──────── Provided data ────────
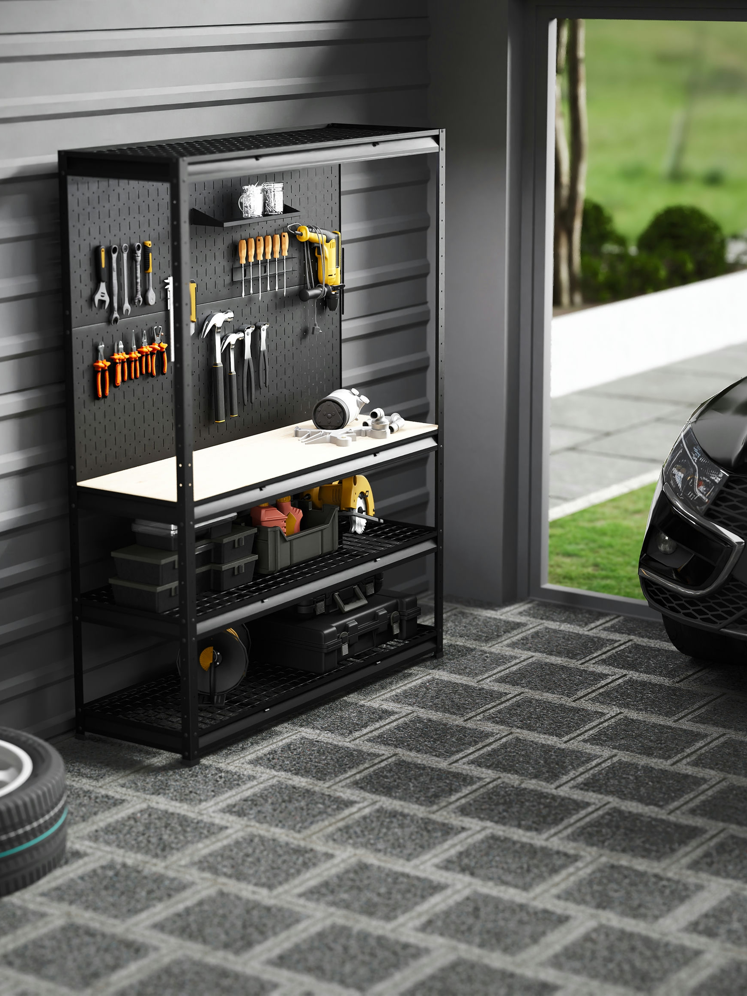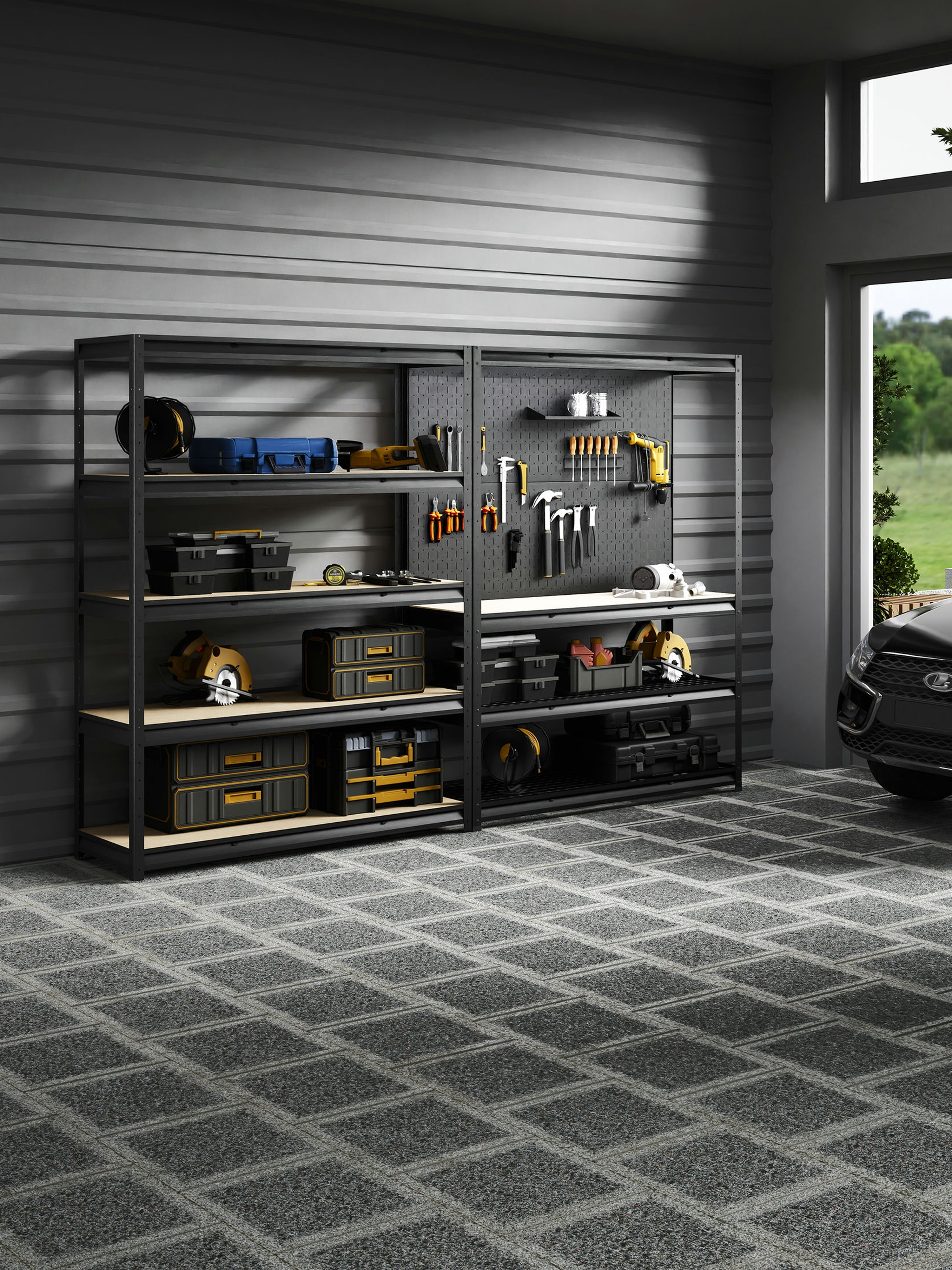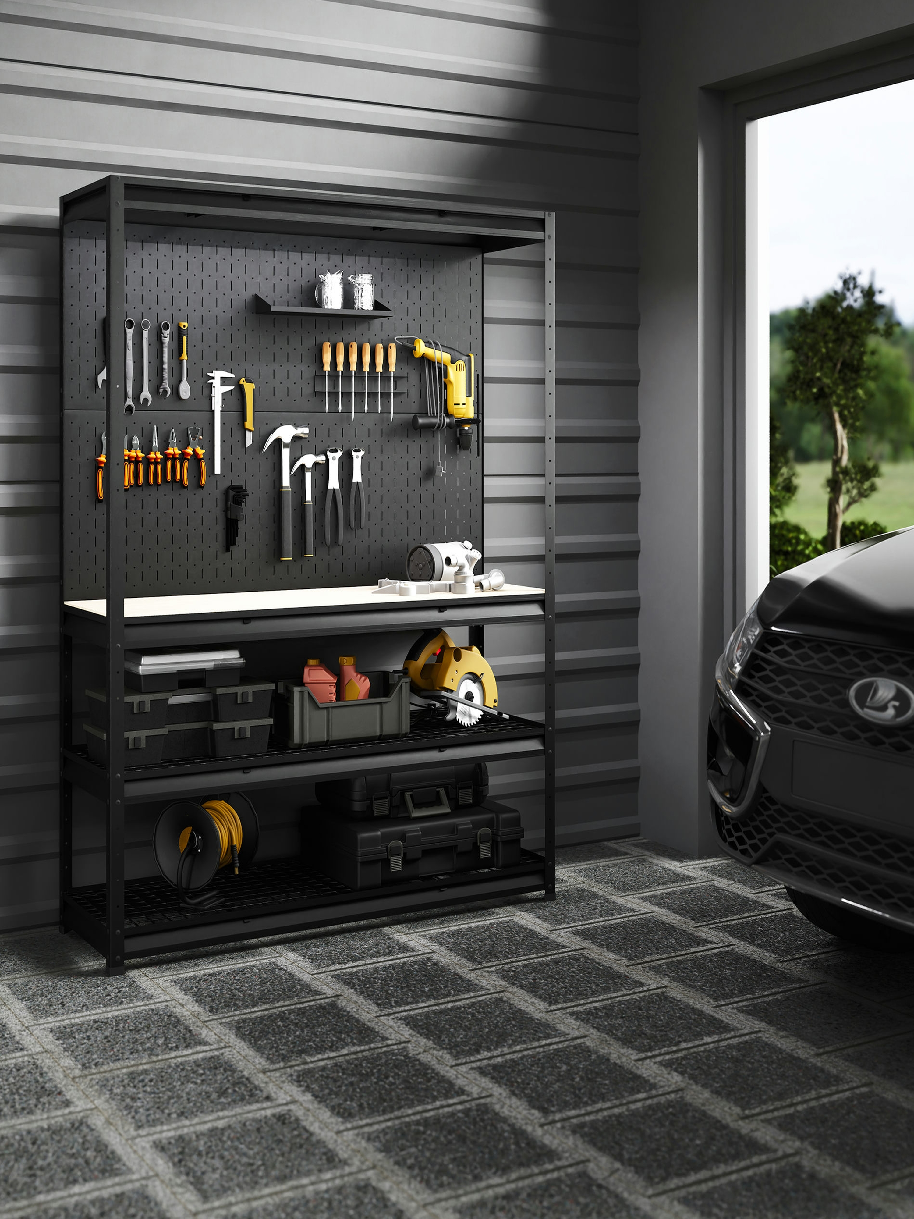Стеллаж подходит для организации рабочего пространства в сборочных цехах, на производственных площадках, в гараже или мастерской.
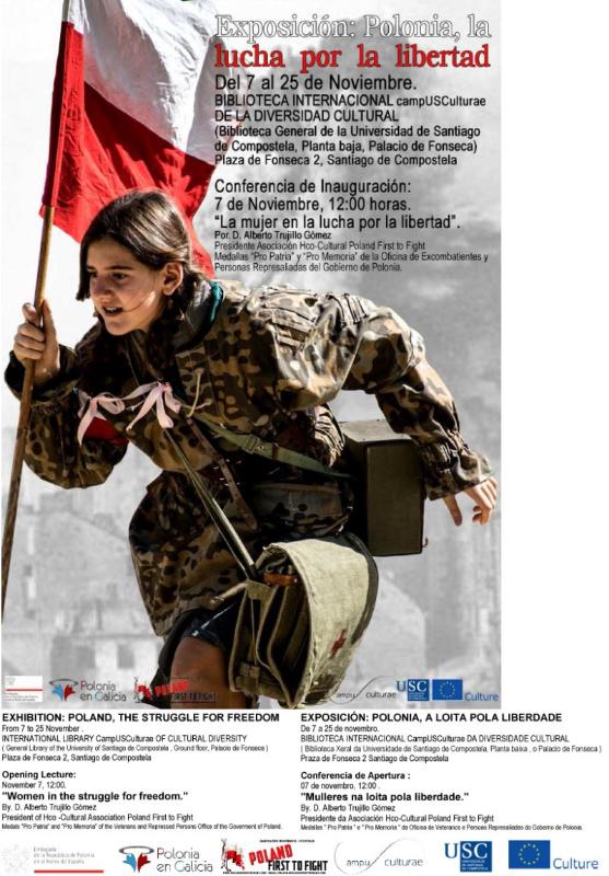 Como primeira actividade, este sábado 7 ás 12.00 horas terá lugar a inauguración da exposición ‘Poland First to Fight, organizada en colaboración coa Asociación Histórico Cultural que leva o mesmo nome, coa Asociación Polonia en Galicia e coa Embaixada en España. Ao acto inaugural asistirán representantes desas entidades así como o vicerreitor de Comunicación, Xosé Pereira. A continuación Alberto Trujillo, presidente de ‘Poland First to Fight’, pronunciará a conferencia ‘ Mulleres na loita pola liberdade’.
────────
──────── Provided data ────────
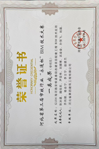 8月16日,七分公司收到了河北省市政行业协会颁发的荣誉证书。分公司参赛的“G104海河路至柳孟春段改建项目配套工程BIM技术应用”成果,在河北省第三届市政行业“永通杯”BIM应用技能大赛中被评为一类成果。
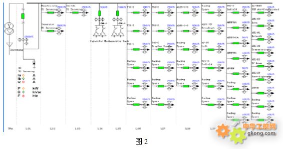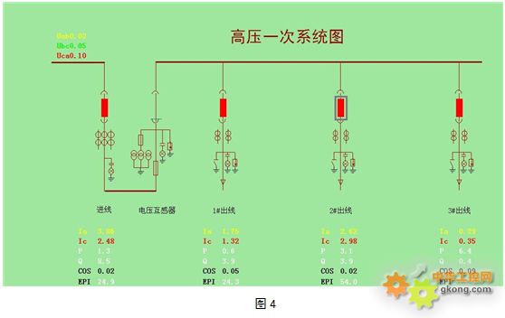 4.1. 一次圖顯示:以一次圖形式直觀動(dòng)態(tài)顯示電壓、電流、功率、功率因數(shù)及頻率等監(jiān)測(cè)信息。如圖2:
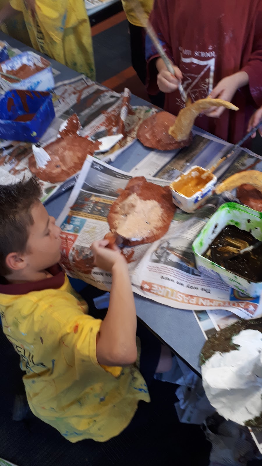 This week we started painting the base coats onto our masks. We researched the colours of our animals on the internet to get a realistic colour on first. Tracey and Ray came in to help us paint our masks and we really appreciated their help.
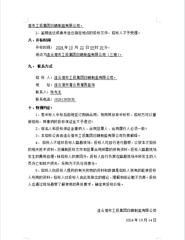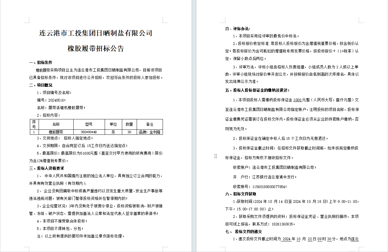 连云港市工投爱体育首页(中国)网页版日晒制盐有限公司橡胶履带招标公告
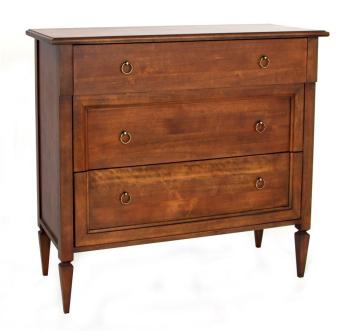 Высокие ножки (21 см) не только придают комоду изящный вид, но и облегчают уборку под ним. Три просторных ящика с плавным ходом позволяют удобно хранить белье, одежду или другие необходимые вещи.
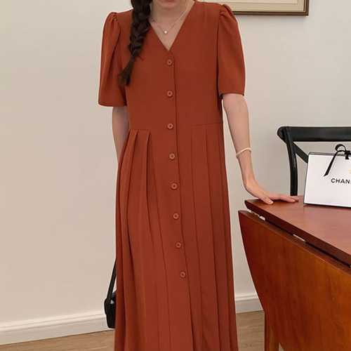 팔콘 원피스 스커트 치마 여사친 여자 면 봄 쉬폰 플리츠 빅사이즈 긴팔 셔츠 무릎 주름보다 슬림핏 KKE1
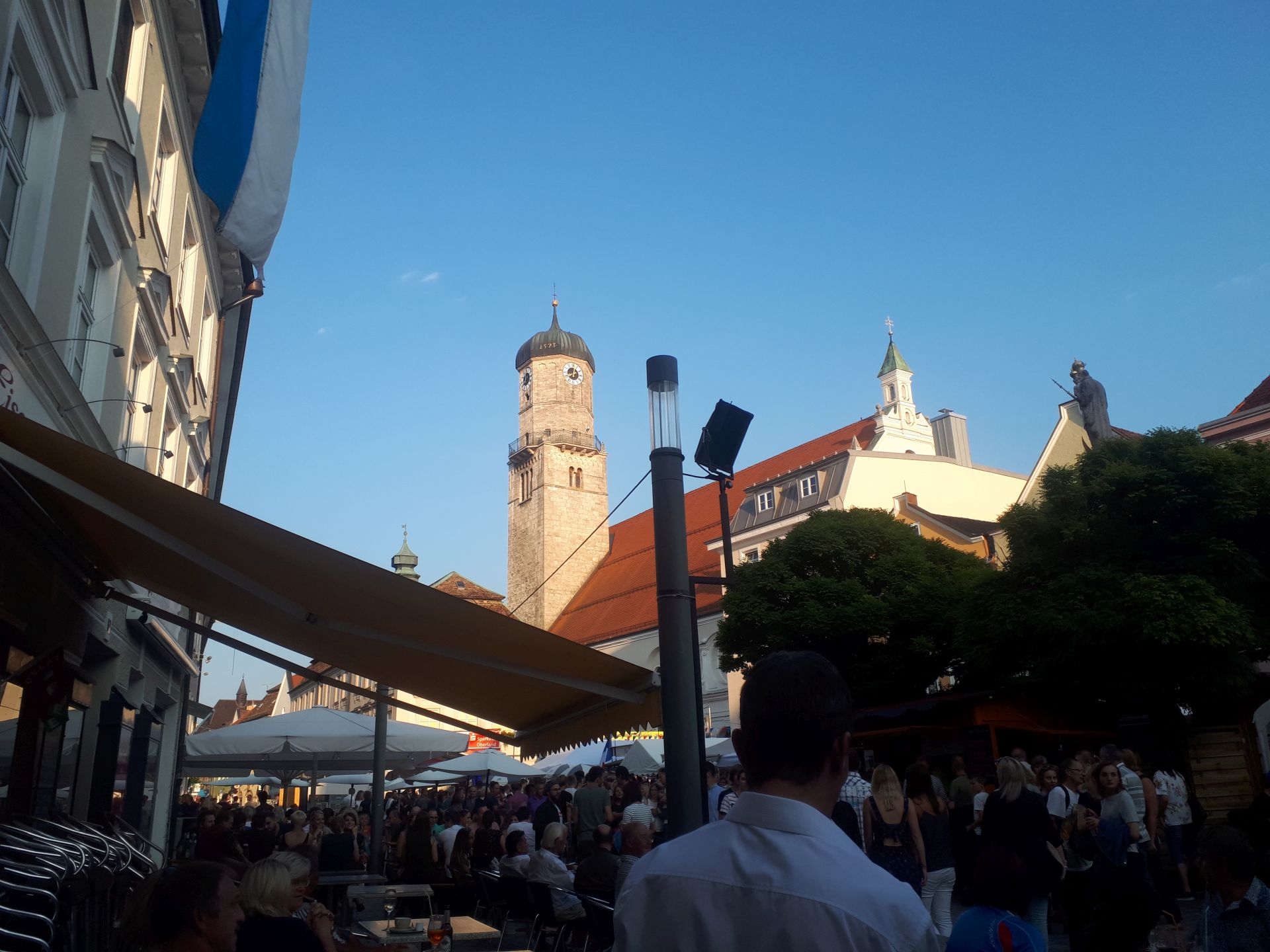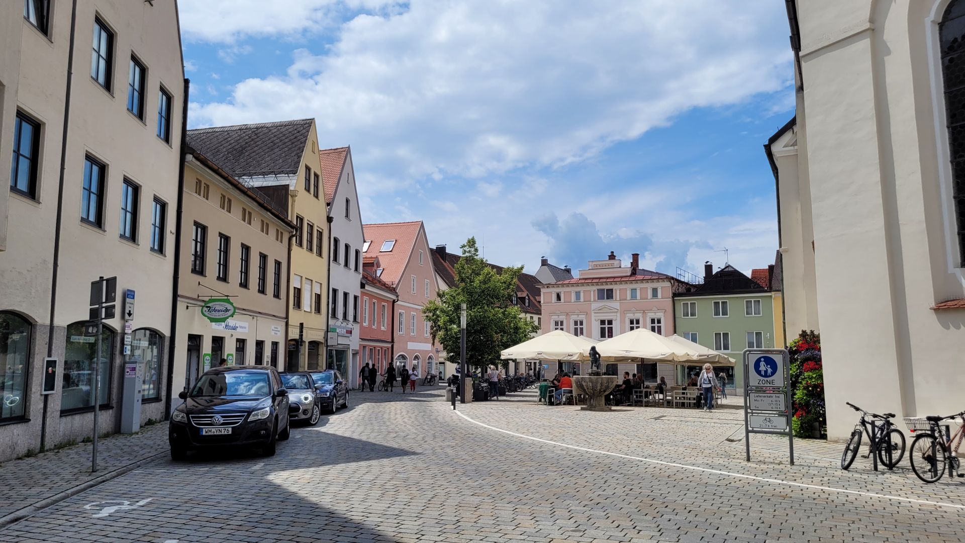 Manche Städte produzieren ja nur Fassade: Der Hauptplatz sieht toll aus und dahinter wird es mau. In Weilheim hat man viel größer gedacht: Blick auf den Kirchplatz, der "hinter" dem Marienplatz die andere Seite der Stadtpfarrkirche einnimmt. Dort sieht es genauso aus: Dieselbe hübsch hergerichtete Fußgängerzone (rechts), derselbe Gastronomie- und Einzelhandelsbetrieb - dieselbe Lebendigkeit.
────────
→ **Problem requirements**
Quote the data above exactly from the line with "Стеллаж подходит для" to the line with "Como primeira actividade, este", both ends counted, and nothing else. Pictures don't go in.

→ **Expected output**
Стеллаж подходит для организации рабочего пространства в сборочных цехах, на производственных площадках, в гараже или мастерской.
 Como primeira actividade, este sábado 7 ás 12.00 horas terá lugar a inauguración da exposición ‘Poland First to Fight, organizada en colaboración coa Asociación Histórico Cultural que leva o mesmo nome, coa Asociación Polonia en Galicia e coa Embaixada en España. Ao acto inaugural asistirán representantes desas entidades así como o vicerreitor de Comunicación, Xosé Pereira. A continuación Alberto Trujillo, presidente de ‘Poland First to Fight’, pronunciará a conferencia ‘ Mulleres na loita pola liberdade’.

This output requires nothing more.